##### Exercise inputs

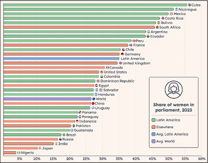 A recently published chart (below) from Latinometrics shows that Cuba, Nicaragua and Mexico are indeed the leaders in female parliamentary representation, not only regionally but globally.
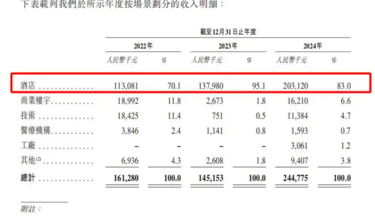 2022年至2024年,云迹科技的酒店场景收入占比分别为70.1%、95.1%和83.0%,2024年更是贡献了公司超八成的营收。
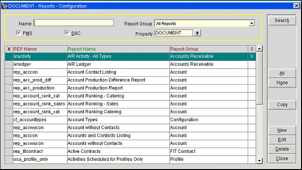 Copy. (Available when the OPP_MHOT Multi Property PMS Add-on license is active.) Copy the reports marked with an X in the X column to another property or properties. (Use the All or None buttons to select/unselect all reports.)
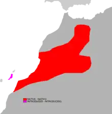 The Barbary ground squirrel is found on the Barbary Coast of Western Sahara, Morocco and Algeria on the seaward side of the Atlas Mountains and was introduced into the island of Fuerteventura in the Canary Islands in 1965.[1] It is the only species of squirrel to inhabit Africa north of the Sahara barring a small population of striped ground squirrel in southern Morocco.[3] Its habitat is arid rocky ground and it is found in mountainous regions up to an altitude of about 4,000 metres (13,000 ft).[3]
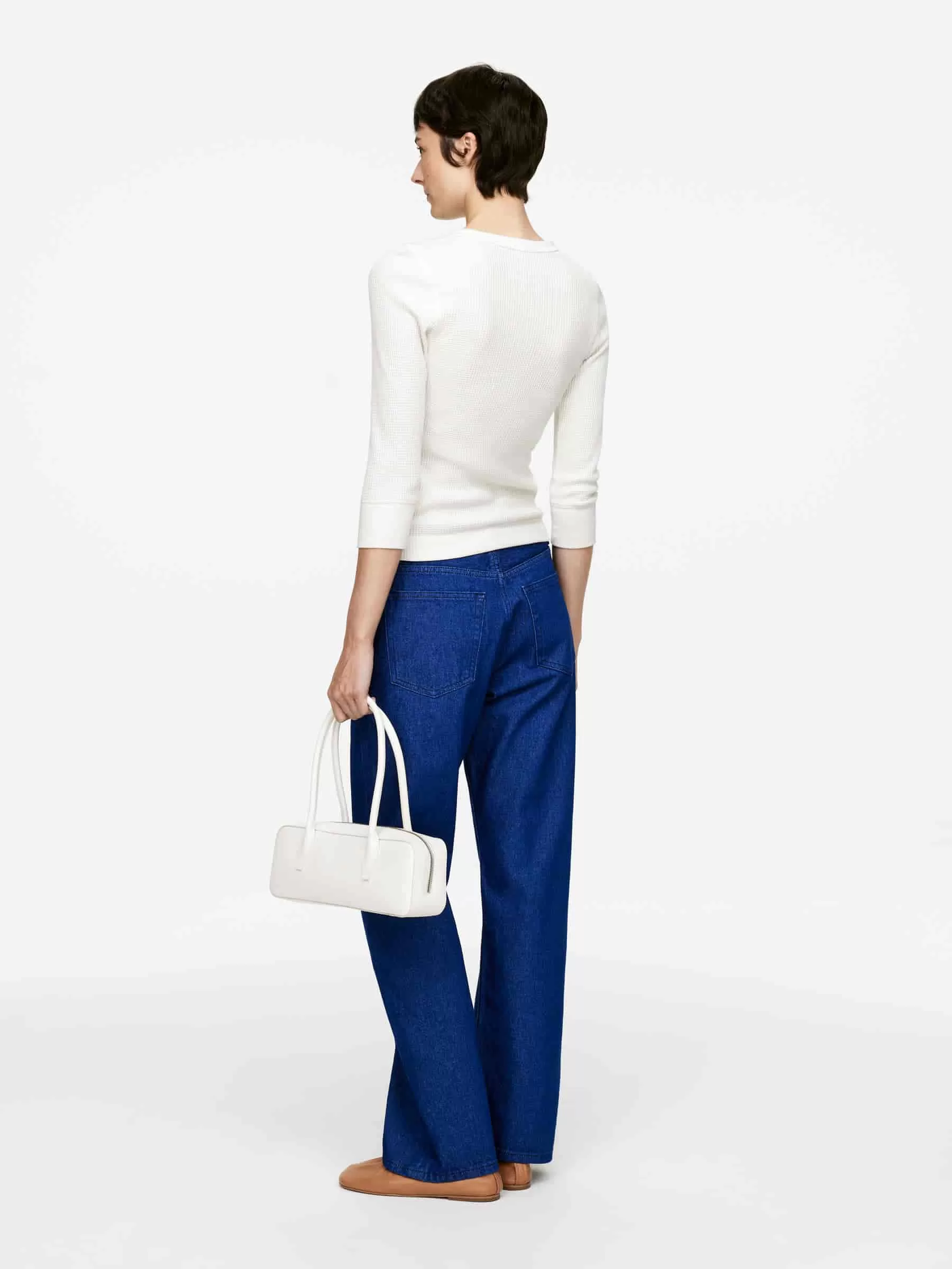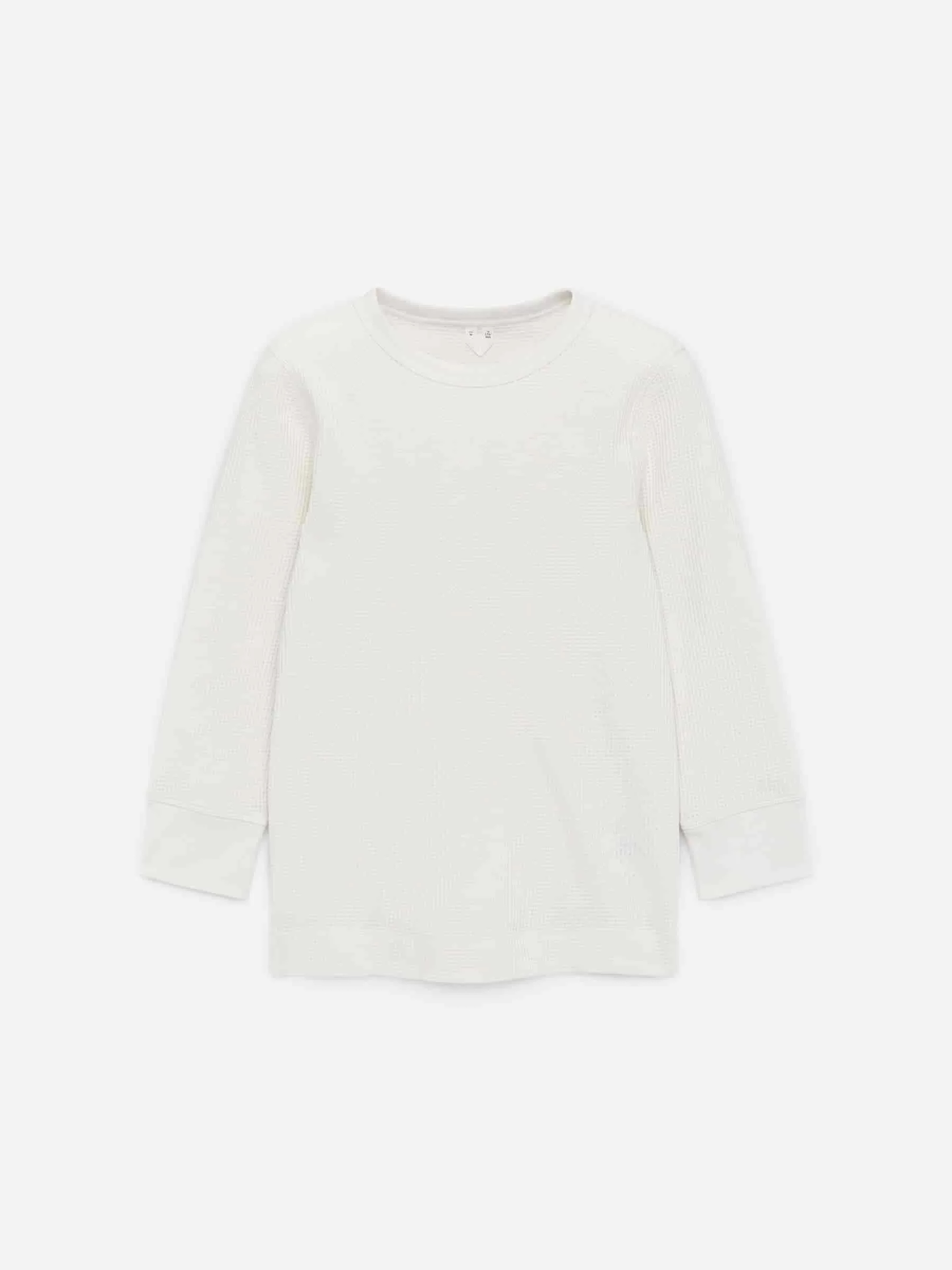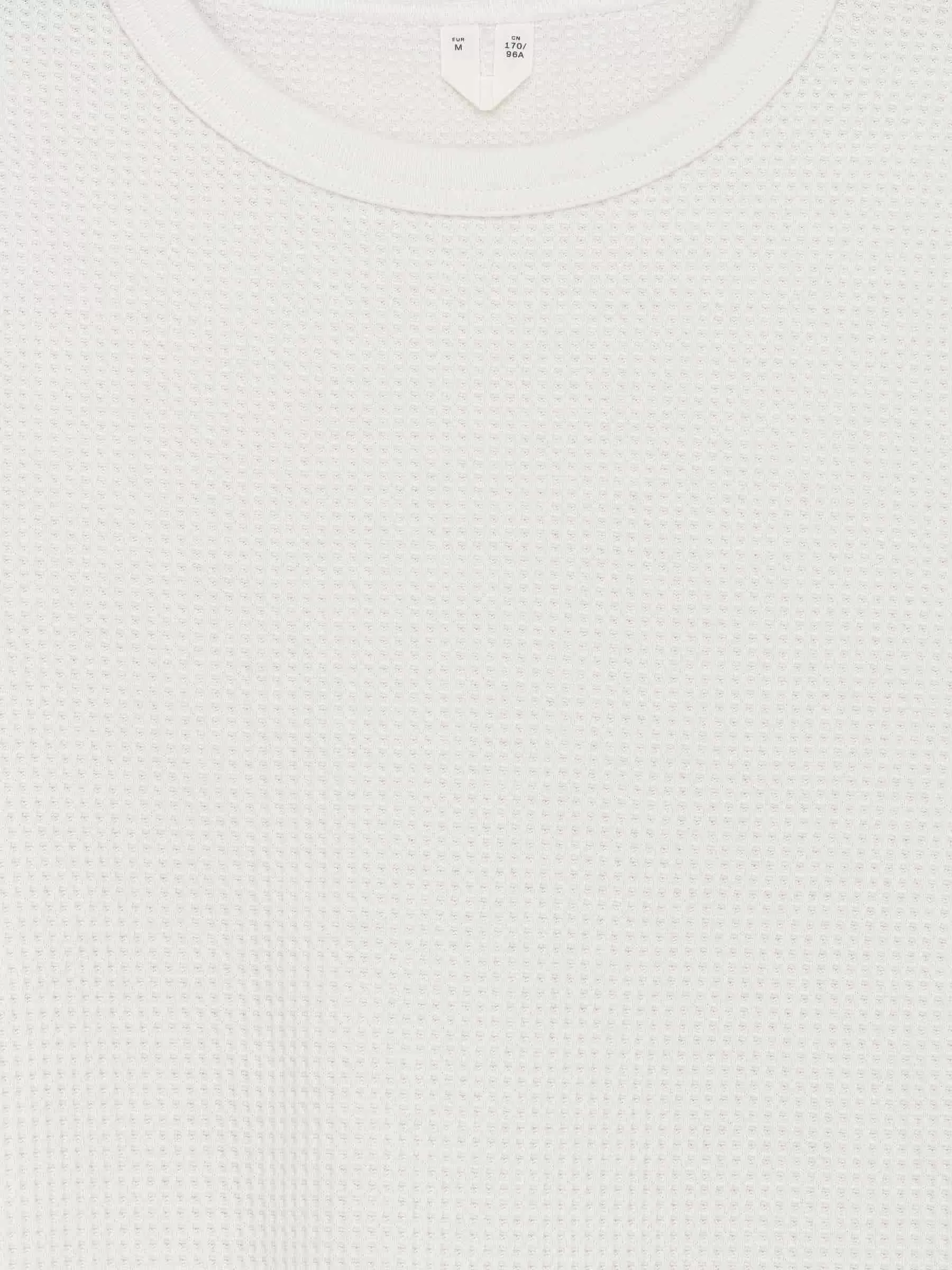 Schmal geschnittenes Oberteil aus Baumwolljersey mit Waffelstruktur. Ein Rundhals-Modell mit 3/4-Ärmeln und breiten Rippstrickbündchen. Kurzer Schlitz an den Seitennähten.
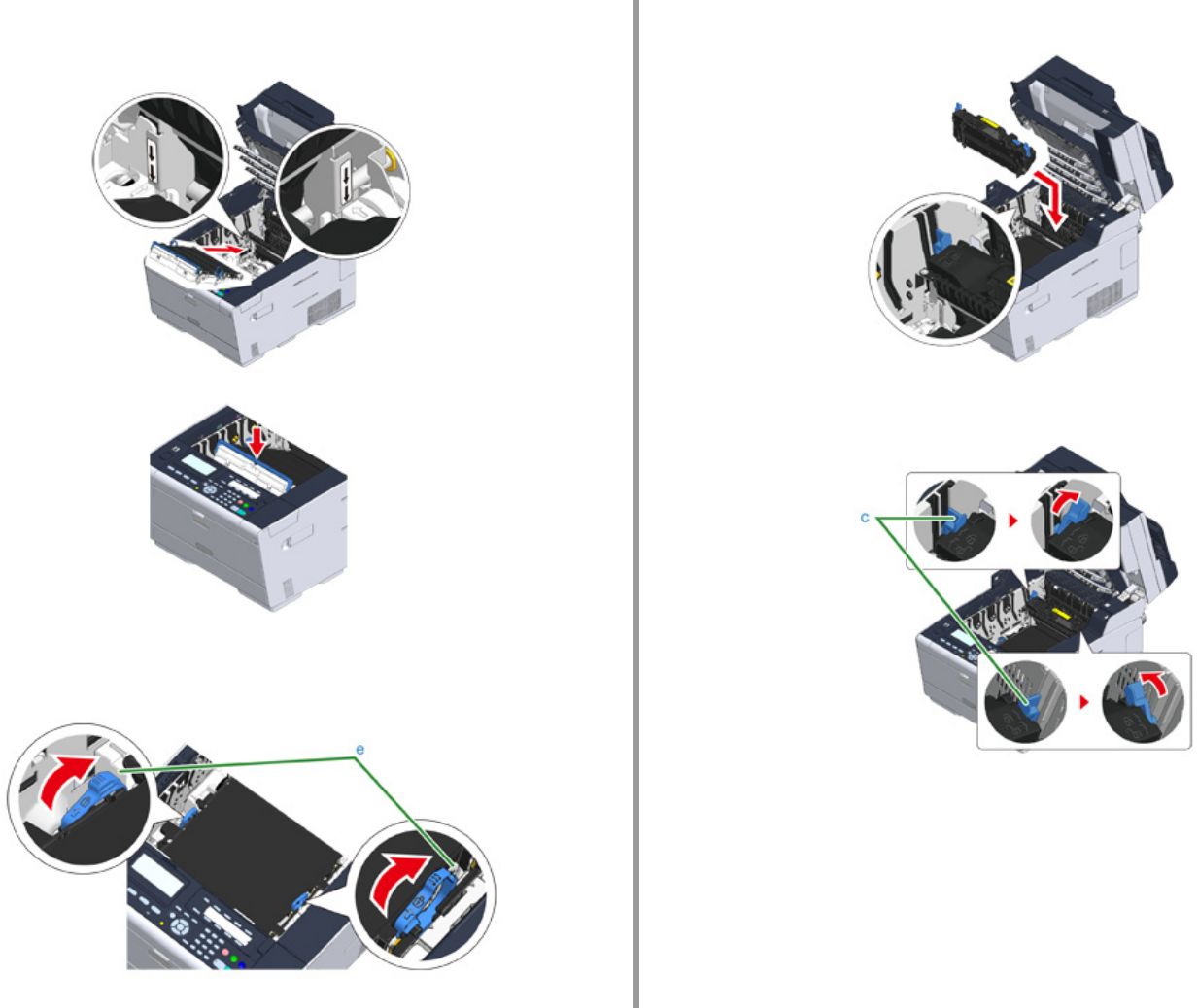 Kippen Sie die Verriegelungshebel (c) an beiden Seiten der Fixiereinheit.
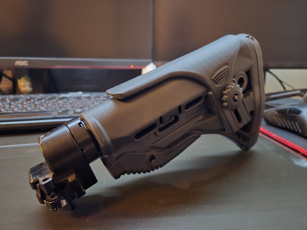 Продам комплект: Приклад FabDefense GL-Shосk (копия) с компенсатором отдачи и регулируемой щекой. Труба металлическая 6-позиционная резьбовая стандарта мил-спек. Контргайка для фиксации трубы, стальная. Адаптер-переходник приклада "Фронтлайн" от Лейком (L.A.C.), цельнофрезерованный, стальной, отличного качества. Подходит для всех карабинов ВПО со складывающимся влево прикладом. Имеет полную совместимость с блокиратором ВПО. Совместим с защелкой от стандартного приклада. Переходник с завышением, т. е. ось направляющей трубы поднята к оси ствола, позволяет ощутимо уменьшить влияние подброса ствола при выстреле и улучшает общую развесовку. Удобен при стрельбе с использованием коллиматорного, либо оптического прицела. Комплект стоял на Вепрь-1В .308 win (ВПО-127), см. фото. 15 000 руб. м.т. +7-95З-777-6ЗЗ9
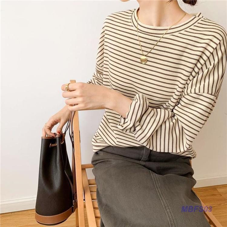 トレーナー レディース トップス スウェット 綿 ロンT クルーネック ストライプ アウター ゆったり 体型カバー 長袖 ボーダー 春秋 カジュアル
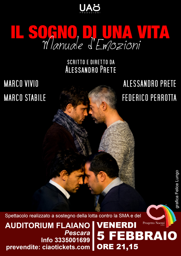 Pescara: il sogno di una vita , manuale d’Emozioni è il nuovo spettacolo scritto e diretto ed interpretato da Alessandro Prete di scena il 5 febbraio all’auditorium Flaiano. Sul palco con Alessandro Prete che abbiamo visto nel film “ Romanzo criminale” e nella serie televisiva “ Squadra antimafia 5” ci saranno gli attori Marco Stabile che ha recitato nei musical “Dirty Dancing “ e “ Grease “, Marco Vivio nelle serie televisive “Don Matteo 4” e “Un Medico In Famiglia” e Federico Perrotta in “Vieni Avanti Cretino” e “ Io Sono Abruzzo”. Il ricavato della serata sarà devoluto alla Onlus “Progetto Noemi” di cui è presidente Andrea Sciarretta, papà della piccola Noemi, la bimba di Guardiagrele affetta da Sma 1.
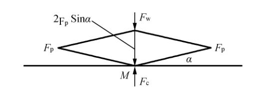 根據(jù)受力分析可得到如下結論:FC = FW - 2FP·sinα ( 1)
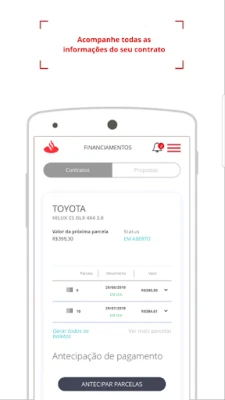 O aplicativo Santander Financiamentos é o seu canal de atendimento digital na palma da mão, onde e quando quiser. Ainda não é nosso cliente? Escolha “Quero um Financiamento”, faça a simulação, envie uma proposta e acompanhe todas as etapas online.
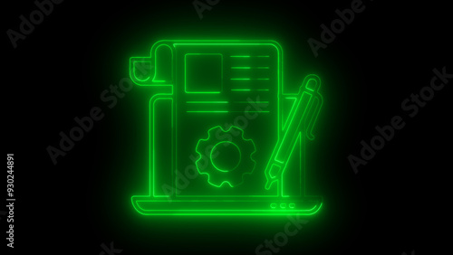 Neon Digital Document Management Icon with Gear and Pen, High-Tech Document Interface, Online Document Workflow.

##########

**What you have to do**. Above are the records; copy exactly the lines from the one with "Copy. (Available when" through the one with "The Barbary ground", including both, and nothing more. Leave out pictures.

**Response**.
 Copy. (Available when the OPP_MHOT Multi Property PMS Add-on license is active.) Copy the reports marked with an X in the X column to another property or properties. (Use the All or None buttons to select/unselect all reports.)
 The Barbary ground squirrel is found on the Barbary Coast of Western Sahara, Morocco and Algeria on the seaward side of the Atlas Mountains and was introduced into the island of Fuerteventura in the Canary Islands in 1965.[1] It is the only species of squirrel to inhabit Africa north of the Sahara barring a small population of striped ground squirrel in southern Morocco.[3] Its habitat is arid rocky ground and it is found in mountainous regions up to an altitude of about 4,000 metres (13,000 ft).[3]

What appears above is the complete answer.